Shannon is starting to get sick, which is unacceptable to Vicki. Night one is for whooping it up and night six is for getting sick, according to Vicki’s vacation regulations. Then she says “whoop it up” five more times in less than 90 seconds, my disdain for Vicki growing with each repetition. Shannon puts herself to bed, while the rest of the ladies go to Vicki’s room where they hate on Meghan’s metabolism and mockingly offer her bread. Then it’s off to the bar to hear more call-brand drink orders. ARGHARGHARGH.

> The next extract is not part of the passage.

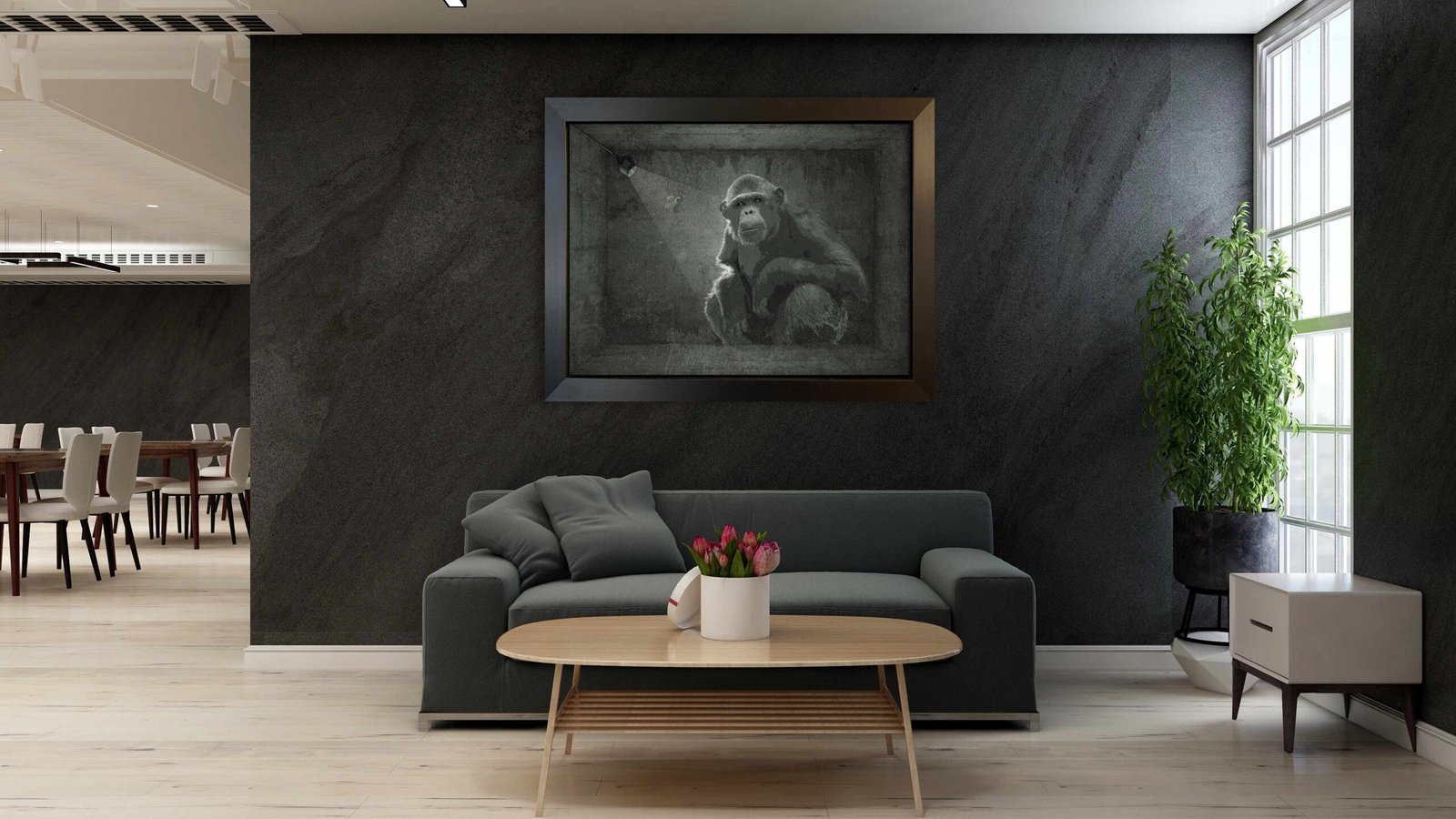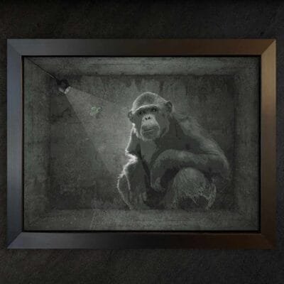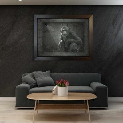 A sophisticated modern silvery look called Brushed Aluminum Dibond — two 0.3 mm aluminum skins with a polyethylene core. Lightweight, extremely rigid, and better suited for indoor display. The no-frame option includes either an invisible ¾-inch floating back frame or simply a flat piece of aluminum if you prefer to install your own mounting hardware.

The conversation again steers back to the void between Meghan and Jim Edmonds, and Vicki takes this opportunity to question Meghan in a disapproving manner, before scoffing to us that she’d also ship Meghan off to California, were she Jim Edmonds. Then Lizzie from last season asks why Meggers has a problem with Shannon. “I don’t get it,” LFLS says. “You don’t have to,” Meghan snaps back. Vicki also jumps in, but Meghan shuts her down with a curt, “That’s your opinion.” To us, Meghan says, “Just because everyone may disagree with me doesn’t mean I’m going to change my opinion. I’m not going to back down.”
The next morning, everyone packs up to head to Mo’orea. Tamra has diarrhea, so Vicki tells her, “Don’t fart. You have light colored pants on,” and Tamra agrees with this advice. THIS IS THE DEFINITION OF TMI. They get to some overpriced jewelry shop where Tamra dances to the toilet, while the other women look at black pearl items that cost more than cars. After Heather dons one stunning number that goes for $49,000, Tamra asks her what the threshold is for needing to discuss a big ticket purchase with your husband. Heather nonchalantly says it’s $10,000, which is like $1,000 to Tamra and Eddie and the rest of the world.

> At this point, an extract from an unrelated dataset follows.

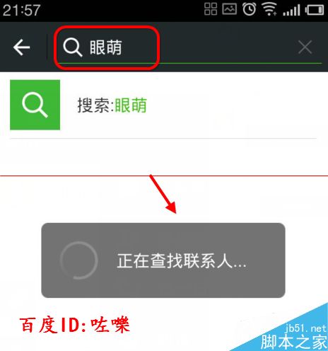 2、在添加朋友搜索栏目中输入 眼萌,如图
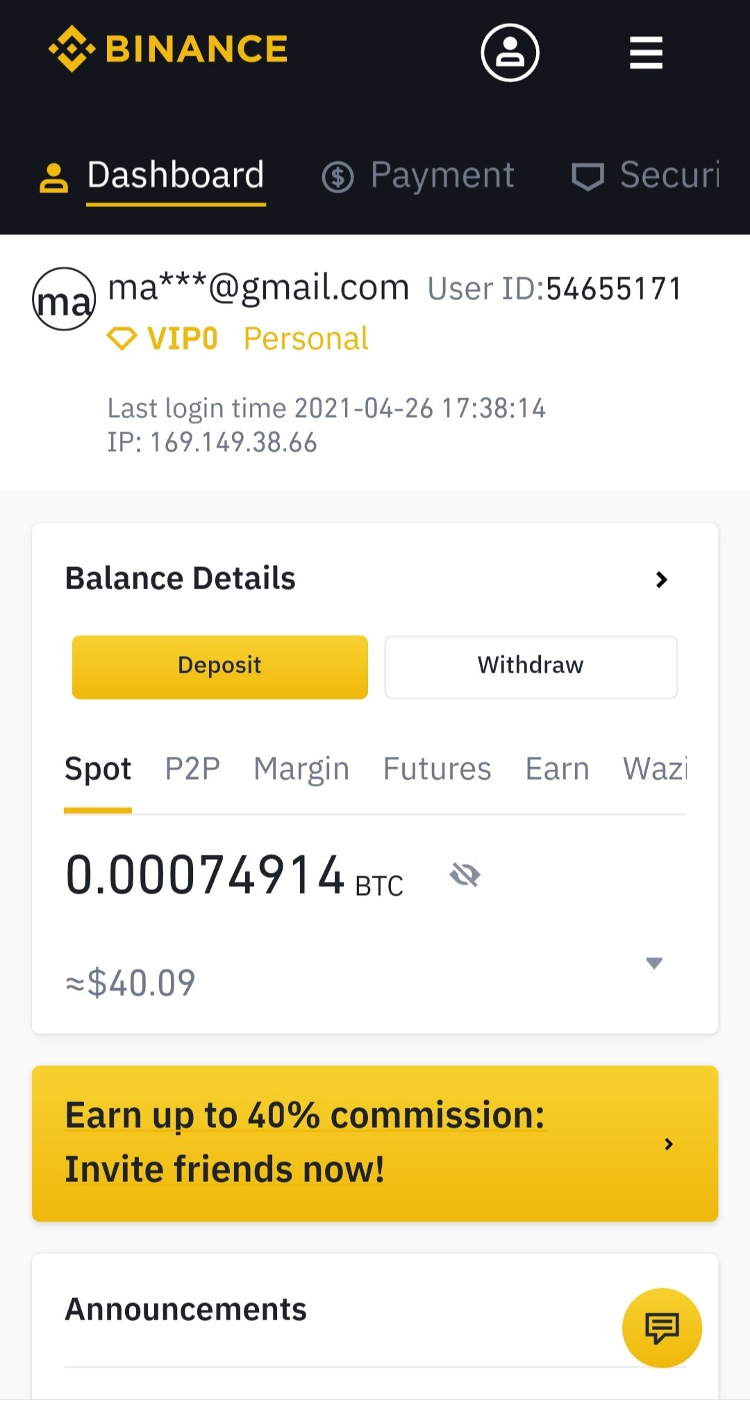 My Binance profile, you can see, i still have 40$ worth of BTC

Someone turns the question around on Tamra, but before she gets to answer, Vicki jumps in and starts yacking on about how Tamra doesn’t work. This prompts Meghan to also interject that married couples share money. Then there’s a debate about what constitutes a “real” job, as Tamra does work, and Vicki continues to be a real ass about everything and put Tamra down. Not letting this go, Vicki starts talking about what she’d do if she were a husband. She’d always ZZZZZZZ. Boring. Snoring.

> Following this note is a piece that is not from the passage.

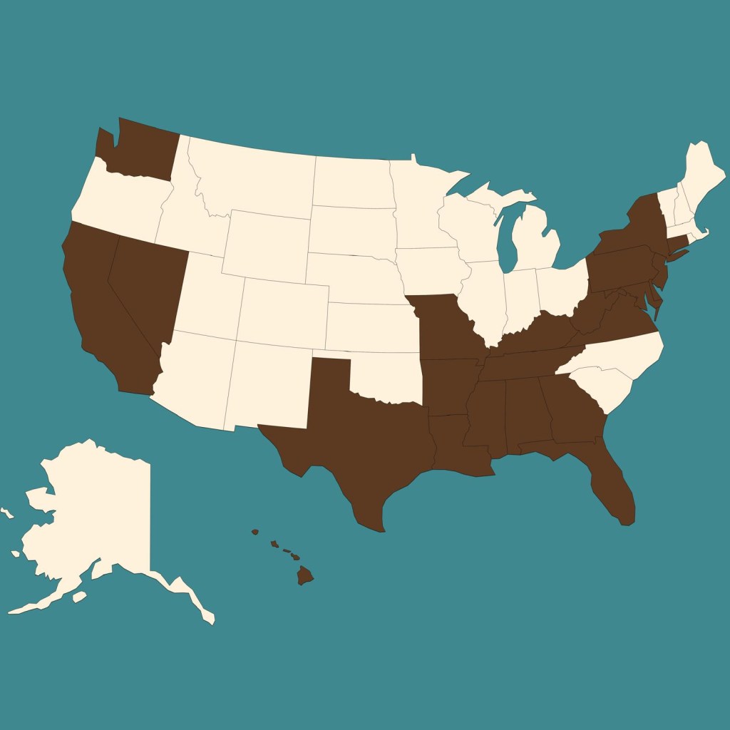 Alabama, Arkansas, California, Connecticut, Delaware, Florida, Georgia, Hawaii, Kentucky, Louisiana, Maryland, Mississippi, Missouri, Nevada, New Jersey, New York, Pennsylvania, Tennessee, Texas, Virginia, Washington, (Washington D.C.), West Virginia

Somehow, the group manages to leave the pearl store without a major purchase or skirmish and finds their way to the ferry to Mo’orea… and the bar at the ferry landing. Heather applauds the arrival of cocktails and the women now play “what’s your most embarrassing moment,” which leads Meghan to overshare about getting her period at work. The mention of working re-ignites Vicki, who attacks the whole working woman versus spending your husband’s paycheck debate with renewed vigor. Meghan defends herself well, despite Vicki’s barrage of digs, and Heather finally sees what everyone’s talking about when they say Vicki’s mean to new cast members. With a final insult from Vicki—“If Meghan doesn’t work, what’s she going to do when Jim Edmonds moves on to wife number four?”—the episode ends.
Who do you think would win in a fist fight: Vicki or Meghan? Do you also pack your clothes like an insane person/Heather? How much do your T-shirts cost? Who’ll be the first housewife to cry in Mo’orea?